Takes Cloudtrail logs from S3 and puts them in Elasticsearch.
You need to create some policies and attach them to a role. That will give your Lambda function the ability to execute. The easiest way to do this is to create a single IAM policy that grants all the permissions you need, and then attach that one policy to the Lambda role. (You could have a few policies—one for elasticsearch, one for S3, one for CloudWatch Logs—and then attach 3 policies to the one role)
The IAM policy allows 3 things: Reading your S3 bucket to get cloudtrail, posting records to your ElasticSearch cluster, and CloudWatch Logs for writing any errors or logging.
- Edit the
lambda-iam-policy.json
file- Add in the bucket name for your bucket.
- Add in the domain name you assigned to your ElasticSearch domain.
- Create an IAM policy, name it like
cloudtrail_efk
and set its contents to be thelambda-iam-policy.json
file. - Create an AWS IAM role.
- Choose Lambda as the service for the role.
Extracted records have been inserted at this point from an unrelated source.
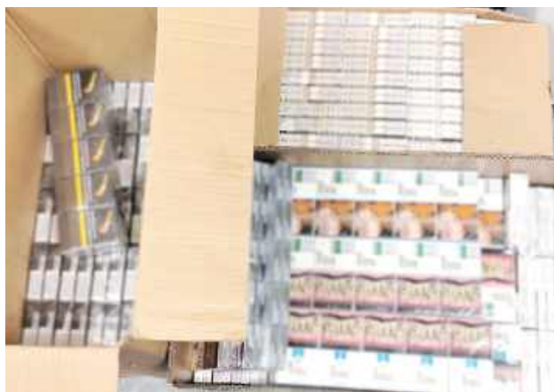
Ukryte na strychu papierosy nie trafią na rynek

Z informacji jakie mieli funkcjonariusze wynikało, że mieszkający tam 48-latek przechowuje w swoim mieszkaniu
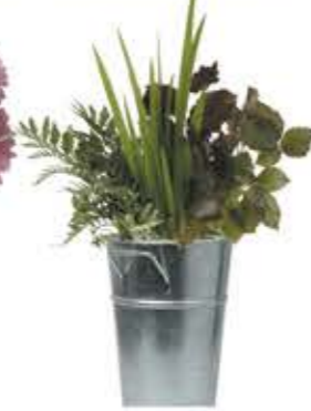
il fogliame zöldnövény
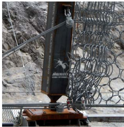
Imagen izquierda: los cables de soporte y de captura de rocas son conducidos prácticamente sin rozamientos a través de poleas
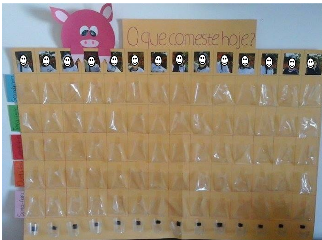
Figura 1. 11 - O Mapa da refeição colocado no refeitório.

O Mapa da refeição foi a estratégia que se seguiu e que foi integrada na rotina das crianças. Recorremos à personagem do «Camilão», que já era conhecida das crianças, como porta-voz do Mapa da refeição . O Mapa da refeição consistia num painel, colocado no refeitório, que tinha as fotografias de todas as crianças colocadas na primeira linha, na horizontal, e que tinha, por baixo de cada fotografia, na vertical, 5 bolsas de plástico (figura 1.10). As crianças tinham, à sua disposição, cartões com a imagem do tipo de alimentos (peixe, carne, fruta, hortícolas, sopa, batata/massa, água; Apêndice 12), que integravam a refeição, devendo colocar nas bolsas, os cartões correspondentes ao tipo de alimento que tinham ingerido ao almoço. Esta rotina decorreu durante duas semanas, após a hora do almoço.
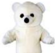
OURS BLANC PELUCHE
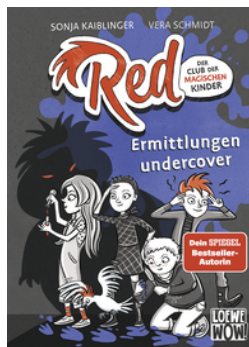
Red - Der Club der magischen Kinder (Band 2) - Ermittlungen undercover
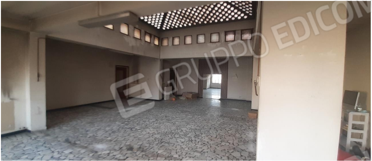
Ex aula giudiziaria

- Attach the policy you created.
- Attach
AWSLambdaVPCAccessExecutionRole
as well.
- Pull this repo
pip install requests -t .
- Make any changes you need
- Tag appropriately (use semver)
zip -r cloudtrail_efk.zip cloudtrail2ES.py *
- Create a new lambda in the AWS console with Python 3
- Set the handler to be
cloudtrail2ES.lambda_handler
- Fill in your environment variables. Example below
- Test the lambda function:
- Edit
test-cloudtrail-event.json
to have the correct bucket and a real key (filename in S3) - Try the test and make sure your data is showing up in ES
- Publish a Lambda version that matches your Git tag
Example environment variables:
ES_INDEX: cloudtrail
ES_HOST: foo.example.com:9200
ES_USER: cloudtrail_lambda
ES_PASS: very_good_password
- Go to your S3 Bucket in the console.
- Click on Properties
- Click on Events
- Click + Add Notification
- Name the event
- For Events, select "All object create events"
- For Prefix, enter an appropriate prefix. Probably
AWSLogs/
- For Send to, select the lambda function you created
- Click Save.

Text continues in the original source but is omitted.